> Assigned task
The job is to output exactly the lines that run from the start of the entries through the line containing "今年,我校打破了往年按学院、", pictures omitted.

──────── Available data

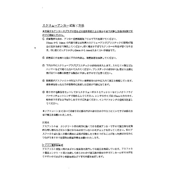 【特記事項】アスファルト面施工時はエポキシ接着剤の併用を推奨しています。同封する施工書に沿った施工をお願いいたします。
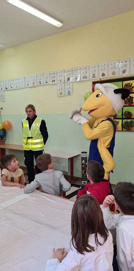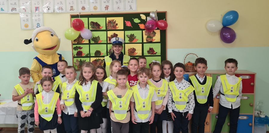 13 października 2022 r. uczniowie klasy pierwszej w ramach akcji „BEZPIECZNA DROGA DO SZKOŁY Z MRÓWKĄ” uczestniczyli w spotkaniu z przedstawicielami Policji oraz wesołą maskotką Mrówką.
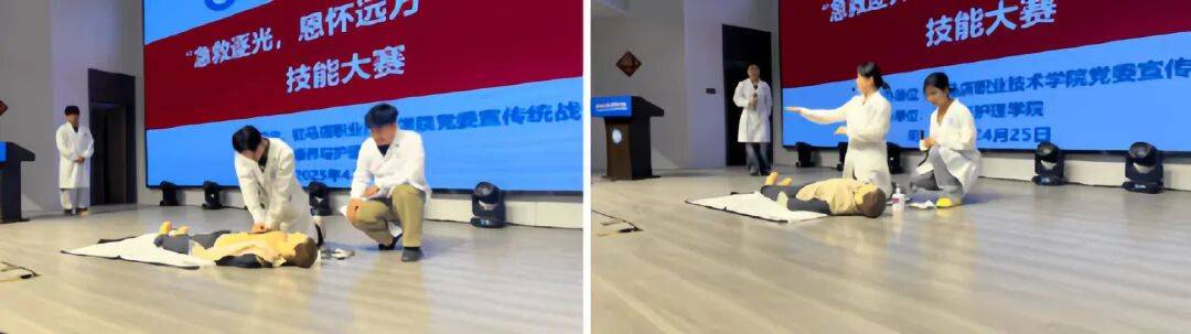 立足学科专业特色,以“以赛促学、以赛促练”为导向,助力学子提升专业能力与综合素养。康养与护理学院“急救逐光,恩怀远方”急救技术技能大赛,围绕单人徒手心肺复苏技术展开比拼,参赛团队沉着规范的操作,展现了“守护生命”的专业素养,赛后院长刘辉强调“急救技能是生命防线,需做到‘快、准、稳’”,为学子专业成长指明方向;公共教学部“心向暖阳,英韵飞扬”英语演讲比赛,24名决赛选手用流利英语讲述中国传统文化、绿色环保理念与青春奋斗故事,高萌、曹淇惠等选手脱颖而出,成为“中国声音”的青年传播者。
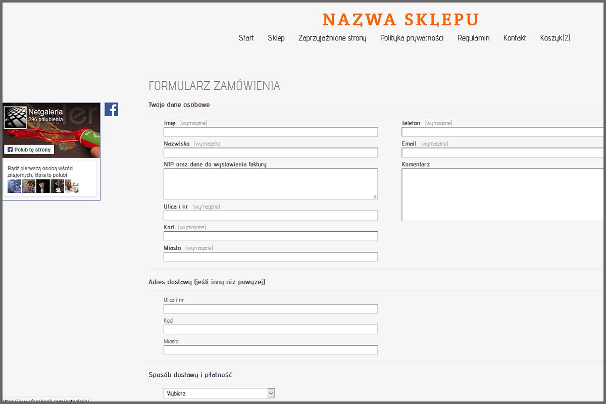 standardowy formularz zamówienia i adresu dostawy - strony z funkcją sprzedaży
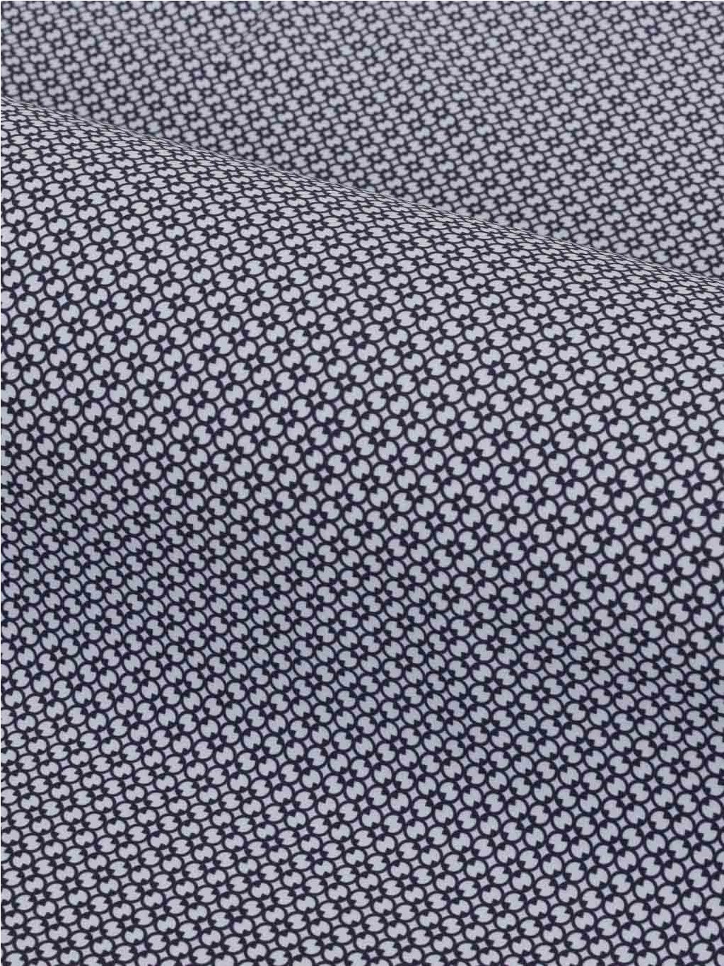 - Vzor: Bílá košile s tmavě šedým vzorem, který dodává košili na zajímavosti. Celkově košile působí spíše tmavě modrým dojmem. Košili tak snadno sladíte s ostatními částmi vašeho outfitu, jako jsou jednobarevné džíny či kalhoty, sako, boty nebo opasek.
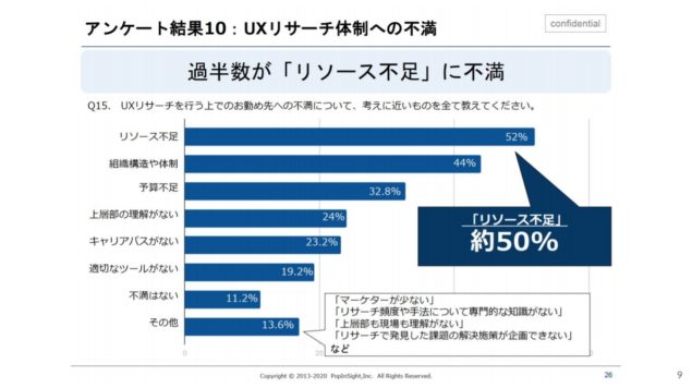 こちらはポップインサイトさんが国内のリサーチをしている企業115社にアンケート調査を行った「UXリサーチ実態調査2020レポート」の中のアンケート、「UXリサーチ体制への不満」の結果です。
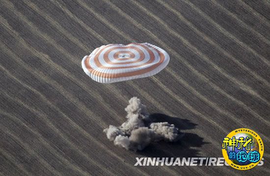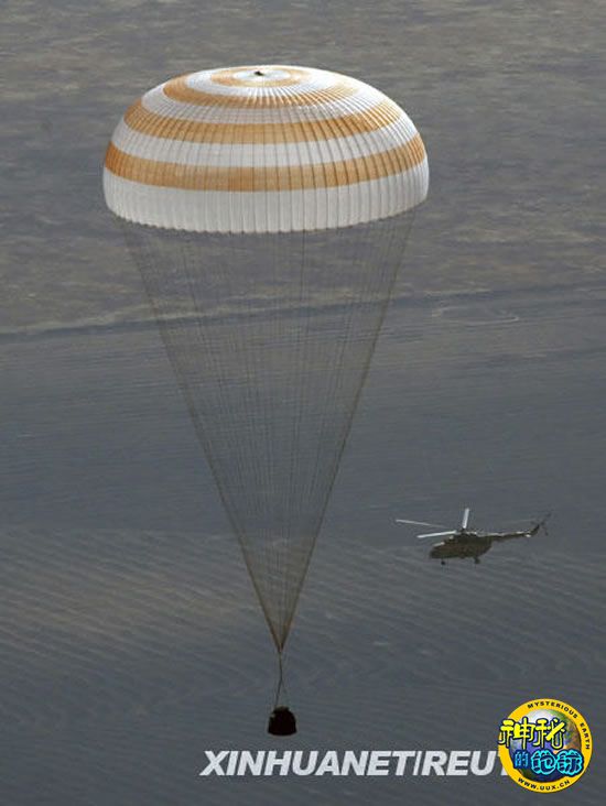 俄罗斯电视台画面显示,返回舱挂在一把橙黄色与白色相间的巨大降落伞下,飞向地面。着陆后,俄罗斯宇航员根纳季·帕达尔卡率先出舱,坐在躺椅上喝了一杯茶、咬了一口大苹果,对着问候他的地面工作组连声说“谢谢”。
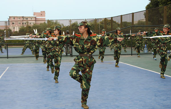 今年,我校打破了往年按学院、专业、班级组建方阵的传统模式,根据项目选择进行组队,并在传统的站军姿、踢正步、队列表演等“老三样”项目外,增加剑术、刀术及棍术这些学生喜闻乐见的新项目。同学们纷纷表示这样的形式很新鲜,不仅增加了训练的趣味性,同时还增强了训练的效果。
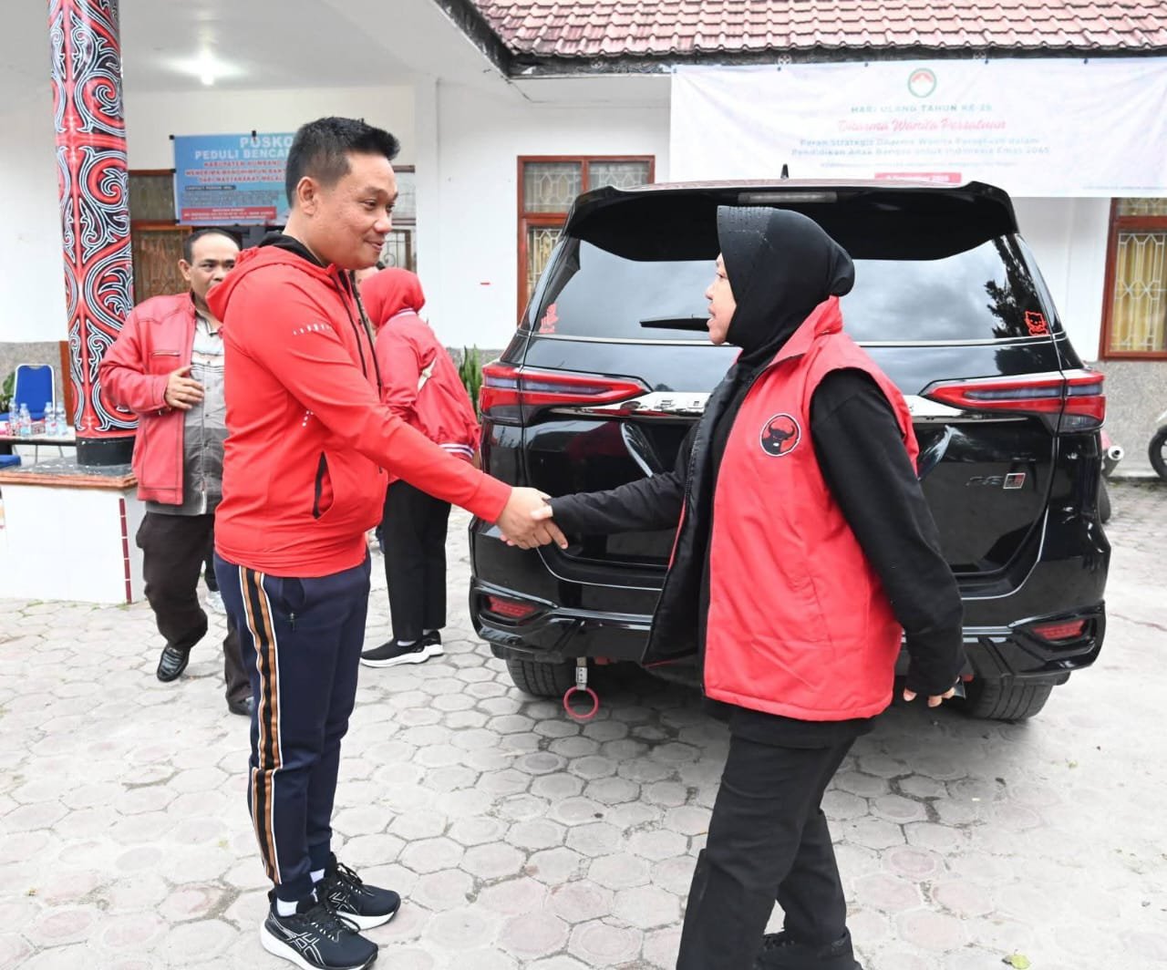 SAMBUT : Bupati Humbahas, Dr. Oloan P. Nababan SH MH saat menyambut kedatangan perwakilan PDIP, Ganjar Pranowo, di Posko Peduli Bencana Alam, Dinas Sosial Kabupaten Humbahas, Selasa (9/12/2025).
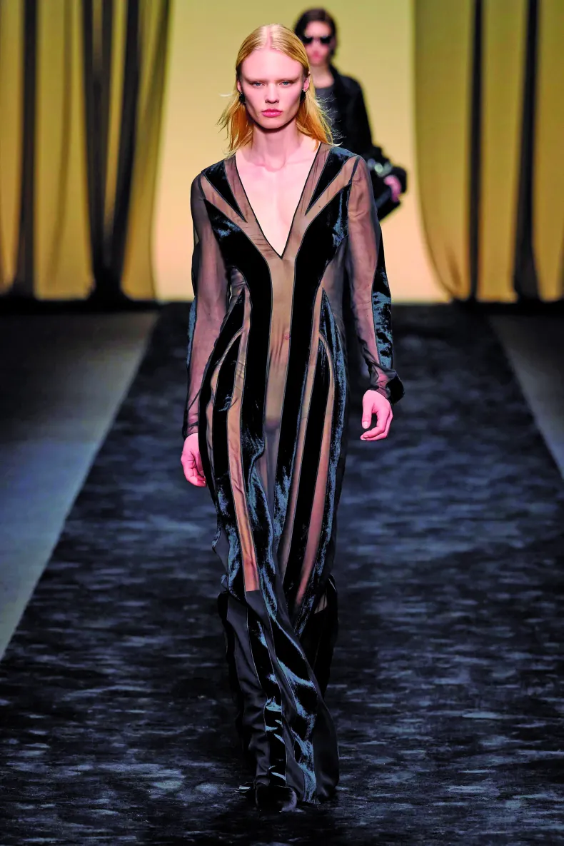 Cavalli apostó a texturas y estampados print, combinando leopardo con flecos o plumas brillantes, sedas drapeadas con cuero y pieles, sumando asimetrías y transparencias. Todo junto es mucho, tal vez por separado hubiera sido una mejor opción. De todas formas hay vestidos asimétricos que son exquisitos, como uno en color plata o de leopardo llevado al rosa malva. Tuvo un segmento de prendas en color negro donde tejidos, encajes y transparencias fueron los protagonistas, con uno de los mejores vestidos de la temporada en negro, mega escotado, con un aplique en piedras uniendo escote y falda, sin espalda.

────────────────

> Exercise response
 【特記事項】アスファルト面施工時はエポキシ接着剤の併用を推奨しています。同封する施工書に沿った施工をお願いいたします。
 13 października 2022 r. uczniowie klasy pierwszej w ramach akcji „BEZPIECZNA DROGA DO SZKOŁY Z MRÓWKĄ” uczestniczyli w spotkaniu z przedstawicielami Policji oraz wesołą maskotką Mrówką.
 立足学科专业特色,以“以赛促学、以赛促练”为导向,助力学子提升专业能力与综合素养。康养与护理学院“急救逐光,恩怀远方”急救技术技能大赛,围绕单人徒手心肺复苏技术展开比拼,参赛团队沉着规范的操作,展现了“守护生命”的专业素养,赛后院长刘辉强调“急救技能是生命防线,需做到‘快、准、稳’”,为学子专业成长指明方向;公共教学部“心向暖阳,英韵飞扬”英语演讲比赛,24名决赛选手用流利英语讲述中国传统文化、绿色环保理念与青春奋斗故事,高萌、曹淇惠等选手脱颖而出,成为“中国声音”的青年传播者。
 standardowy formularz zamówienia i adresu dostawy - strony z funkcją sprzedaży
 - Vzor: Bílá košile s tmavě šedým vzorem, který dodává košili na zajímavosti. Celkově košile působí spíše tmavě modrým dojmem. Košili tak snadno sladíte s ostatními částmi vašeho outfitu, jako jsou jednobarevné džíny či kalhoty, sako, boty nebo opasek.
 こちらはポップインサイトさんが国内のリサーチをしている企業115社にアンケート調査を行った「UXリサーチ実態調査2020レポート」の中のアンケート、「UXリサーチ体制への不満」の結果です。
 俄罗斯电视台画面显示,返回舱挂在一把橙黄色与白色相间的巨大降落伞下,飞向地面。着陆后,俄罗斯宇航员根纳季·帕达尔卡率先出舱,坐在躺椅上喝了一杯茶、咬了一口大苹果,对着问候他的地面工作组连声说“谢谢”。
 今年,我校打破了往年按学院、专业、班级组建方阵的传统模式,根据项目选择进行组队,并在传统的站军姿、踢正步、队列表演等“老三样”项目外,增加剑术、刀术及棍术这些学生喜闻乐见的新项目。同学们纷纷表示这样的形式很新鲜,不仅增加了训练的趣味性,同时还增强了训练的效果。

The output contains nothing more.